5. Lying on your back with your knees together and bent at 90 degrees, begin by sliding one hand under your lower back to check the curvature of your spell. Hold this spell curvature as your starting point and then close the gap by rotating your hips forward. As with many of the exercises imagine your spine being stretched and straightened not shortened and compressed.

Lumbar spine strengthening exercises:

1. Lie on your back with both legs straight and your hands by your sides. One at a time rotate each bent leg towards your chest as far as is comfortable. Keep your buttocks in contact with the floor at all times and the hips remain horizontal (ie do not lift one side).

2. The same as the first exercise but rotate both legs at the same time with the knees together.

3. Lie on your back with your hands by your sides, both legs straight, knees together and your feet resting on a small box about 20 cm high. Rotate both straightened legs upwards and then slowly downwards down on to the box again.

4. The same as the second exercise except that when both legs are fully raised move them as if you were cycling.

5. A partial crunch. See the second dorsal spine strengthening exercise for full details.

6. A partial diagonal crunch with opposite knee lift. Lying on your back on a soft mat with your knees together and bent at 90 degrees place your fingertips on your ears and allow your elbows to rest on the floor (at the same level as your shoulders). Raise one elbow while keeping your fingertips (only) in contact with your ear and your neck in line with the rest of your spine (ie try not to poke your neck forward). As you raise your elbow lift the opposite knee up at the same time.

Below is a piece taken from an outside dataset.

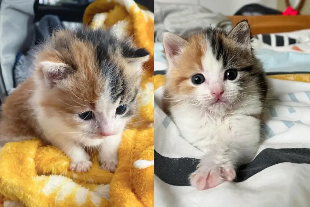 At just three weeks old, the kitten—later named Kicklie—arrived weak and cold. The rescuers quickly warmed her up before feeding her. Despite dealing with some tummy issues, she showed a strong spirit. After being fed, she cozied up in soft blankets and gently held her foster mom’s hand as she fell asleep.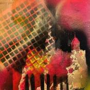 Der Künstler verwendete Öl auf Leinwand, um dieses Kleine Gemälde zum Thema "Urban" anzufertigen.

In summary, spinal injuries are reliably common and you should always consult an injury specialist to fully understand the nature of your injury and undergo some initial treatment. However, this is not the end of the story if you want a full recovery. You need to follow up any medical treatment with injury workout routines that focus on the spine and then workout routines for the whole body. This article has focused on appropriate stretching and strengthening routines for the three main parts of the spine; the neck, upper back and lower back.